The EDM Assessment is based on the structure and method of the DHS Cyber Resilience Review. No artifacts or documentary evidence are collected during the assessment. All information collected is protected as PCII – Protected Critical Infrastructure Information. It is shielded from requests under the Freedom of Information Act, cannot be used in civil litigation, and cannot be used for regulatory purposes. The assessment is divided into three domains:

Relationship Formation: The purpose of Relationship Formation is to assess whether the organization evaluates and controls the risks of relying on external entities before entering into relationships with them. Relationship Formation includes having a process for entering into formal relationships and evaluating external entities.

Relationship Management and Governance: The purpose of Relationship Management and Governance is to assess whether the organization manages ongoing relationships to maintain the resilience of the critical service, and mitigate dependency risk. This includes identifying the external entities that support the critical service, ongoing risk management, managing changing requirements, and controlling external entities' access to the acquirer.

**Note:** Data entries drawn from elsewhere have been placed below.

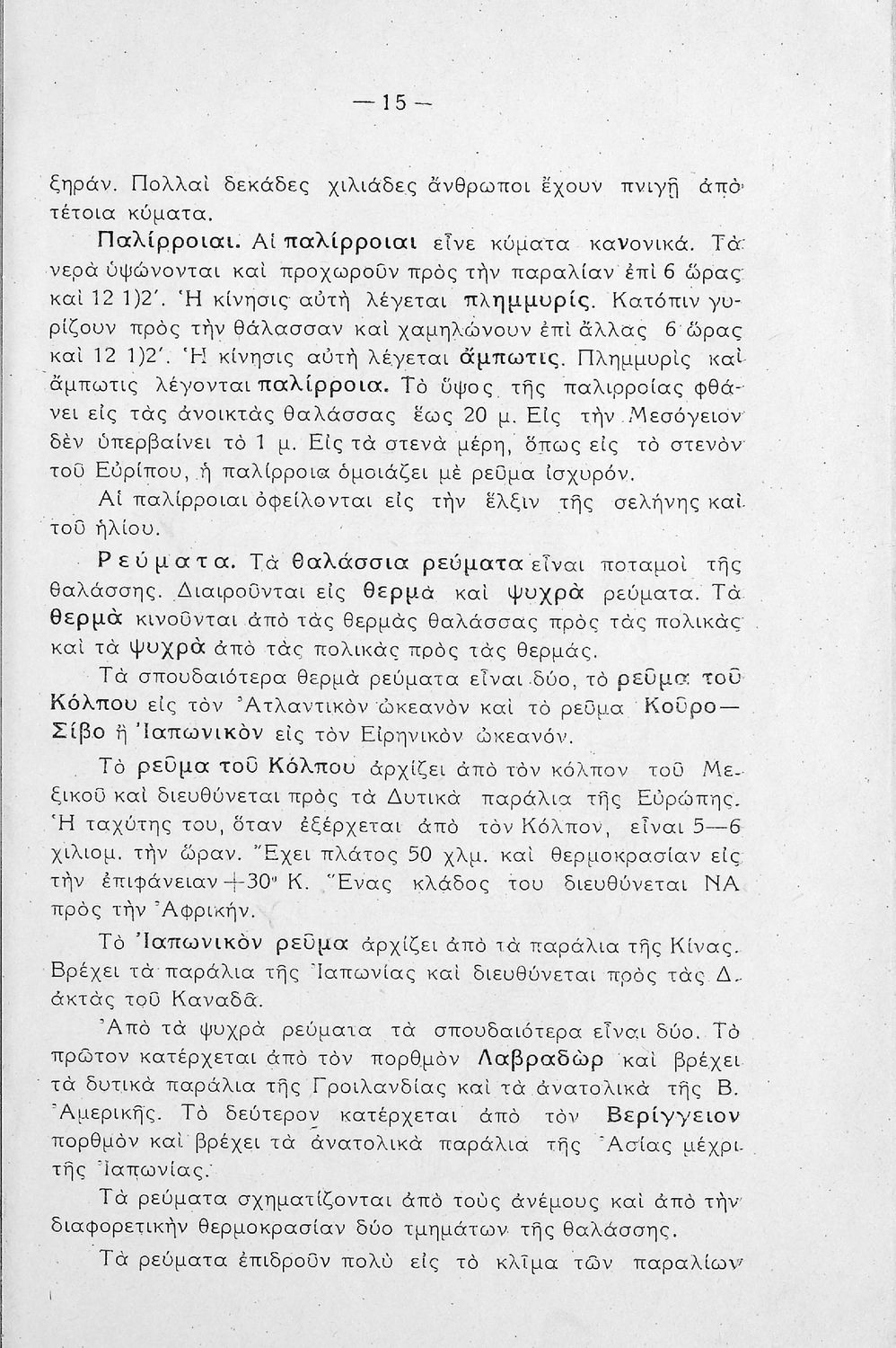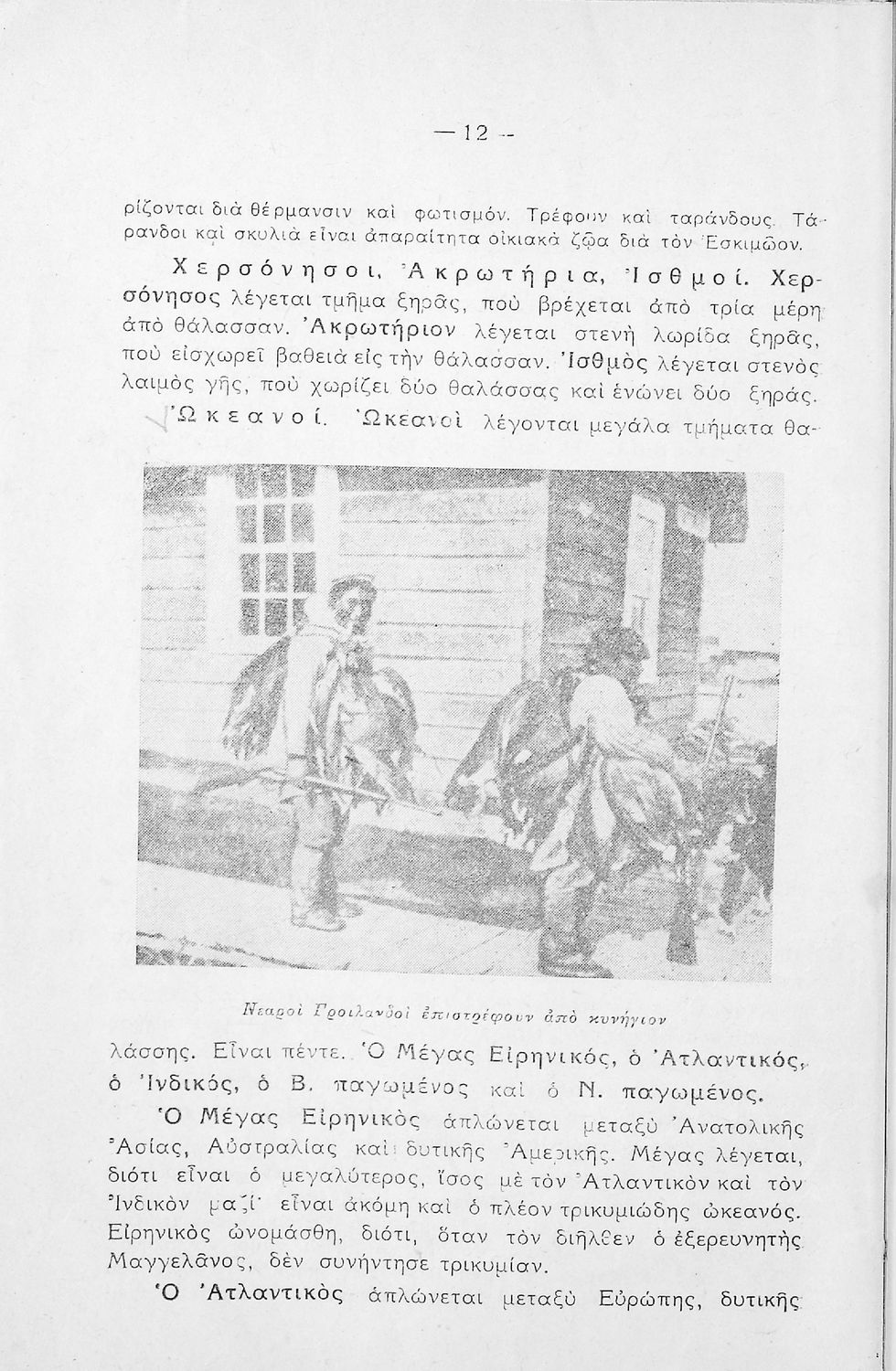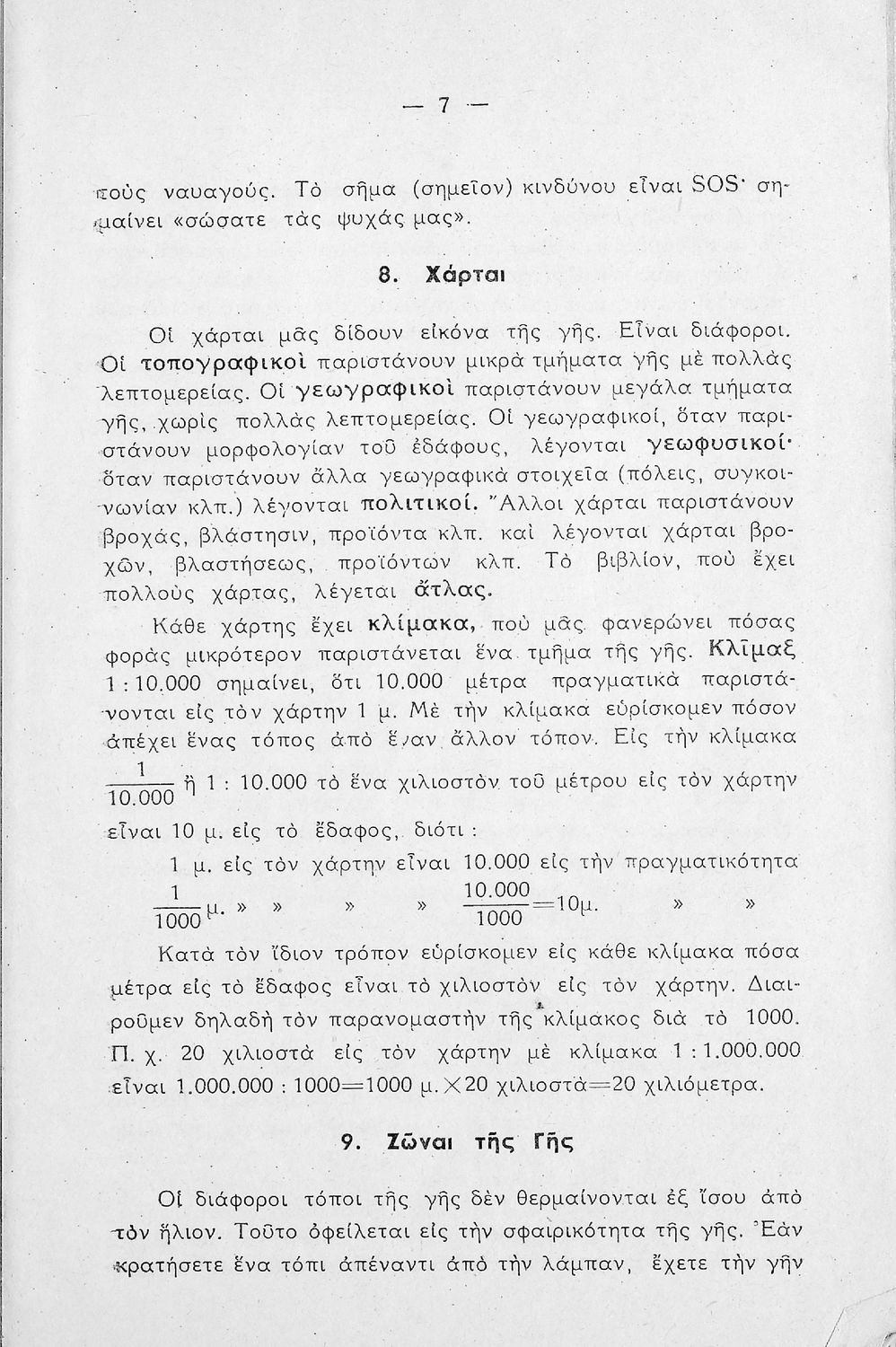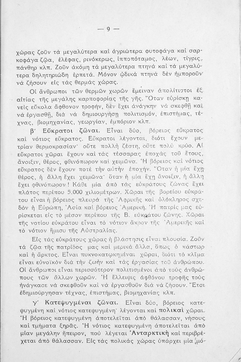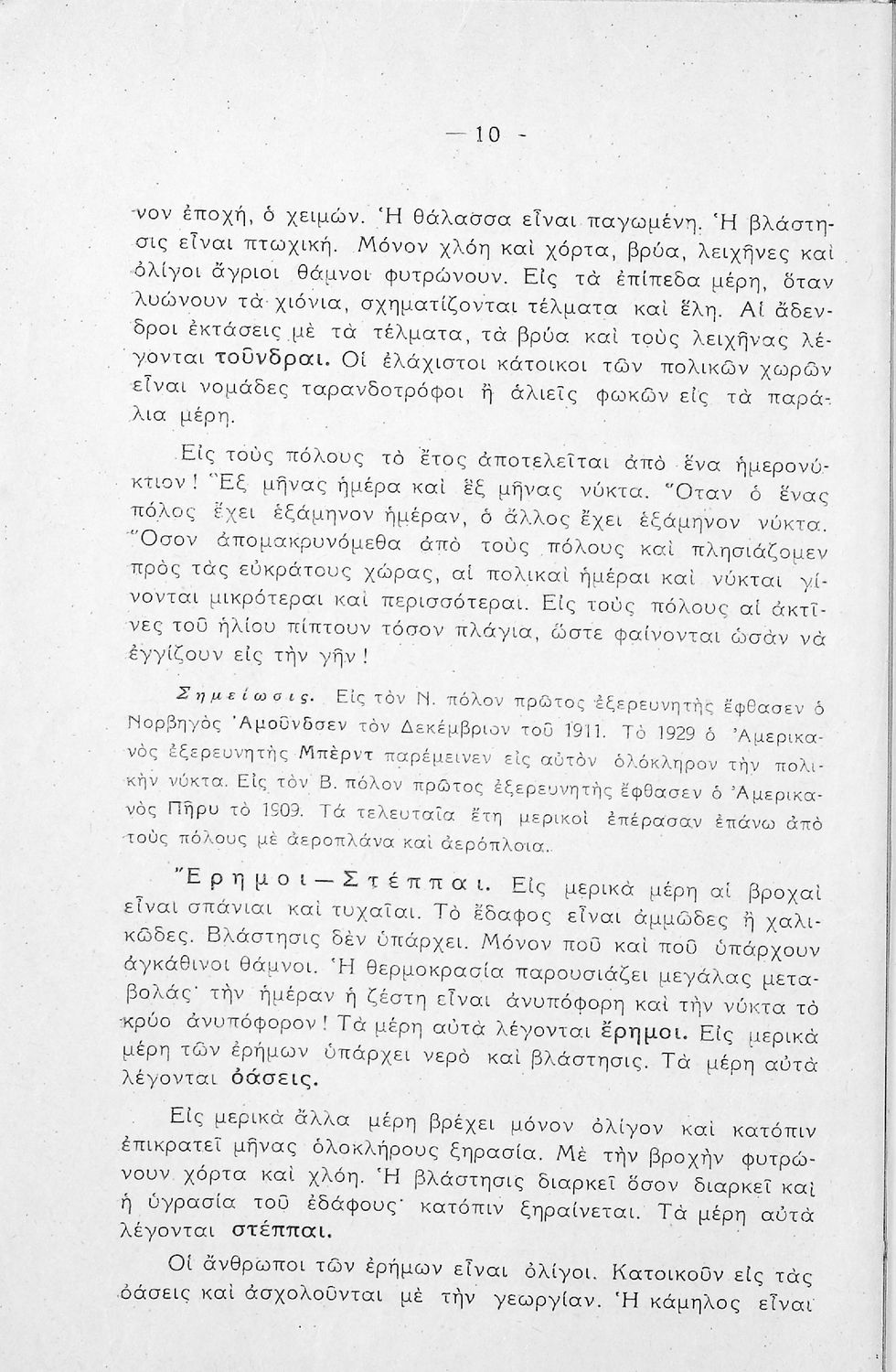 Πρόκειται για σχολικό εγχειρίδιο το οποίο μέσα από πλούσια εικονογράφηση προοριζόταν για τη διδασκαλία του μαθήματος της Γεωγραφίας στην Ε΄ και ΣΤ΄ Δημοτικού. Φέρει την υπογραφή του συγγραφέα και τη σφραγίδα ...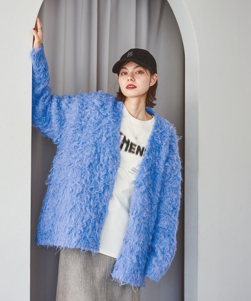 ■デザイン起毛感の可愛いシャギーニットカーディガン。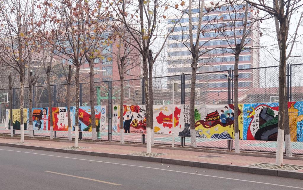 清晨的微光洒在操场上,刺骨的凉风吹不灭同学们心中的爱国热情。各院学生分工协作,打底稿,涂颜料,专注投入到绘画中,用画笔传达出对祖国浓浓的爱意。百年前,青年大学生为了祖国的未来勇敢担当奉献,莘莘学子更应学习这种精神,面对新时代的严峻挑战努力学习报效社会。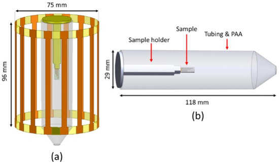 ANSYS HFSS (19.2, Ansys, Inc., Canonsburg, PA) was used to perform the FEM electromagnetic simulations. For simulation purposes, a 16-leg high-pass birdcage resonator of 75 mm diameter and 96 mm length was designed and tuned at ~300 MHz in HFSS. An auto-open region radiation boundary condition was chosen to surround the birdcage resonator. Although we are aware that this boundary condition might result in a slight overestimation of the simulated B1 field due to RF shielding within the bore in MRI scanners [50], we believe this will not change the qualitative results presented here. During experiments (discussed later) the Pt and 3C-SiC samples (Figure 1b,c) were placed inside a tube and fixed in-place using a 3D printed polyacrylic acid (PLA) holder. The tube was filled with the saline gel phantom, and this sample holder was modelled in ANSYS HFSS (Figure 3). The EM simulation was set to have a convergence criterion of , when solving for Maxwell’s equations [9]. The simulations were run on 24 CPU cores (2x Intel® Xeon® CPU E5-2650 v4 @ 2.20GHz with 5 × 64 GB of RAM) within the USF research computing center.

Service Protection and Sustainment: The purpose of Service Protection and Sustainment is to assess whether the organization accounts for its dependence on external entities as part of its operational activities around managing incidents, disruptions, and threats. This includes integrating external entity considerations into the acquirer's disruption planning - typically incident management and service continuity, validating controls at external entities, and maintaining situational awareness activities directed at external dependencies.

===Scoring Approach===

DHS partnered with the Software Engineering Institute at Carnegie Mellon University to create the EDM Assessment. The assessment itself consists of 71 questions about specific practices. Questions in the EDM Assessment are drawn from the Cyber Resilience Review as well as the CERT Resilience Management Model. In addition, the authors used concepts from the Information Technology Infrastructure Library and National Institute of Standards and Technology materials. Each question in the EDM Assessment is scored in one of three ways, yes, no, or incomplete. A “yes” means that the practice is fully performed as described in the assessment. “No” means that the practice is not performed at all in the organization. An “incomplete” means that the practice is partially performed. For example, if the question asks “Does the organization have a documented procedure for entering into formal agreements with third parties?”, an answer of “incomplete” could mean that the written procedure is incomplete or being written.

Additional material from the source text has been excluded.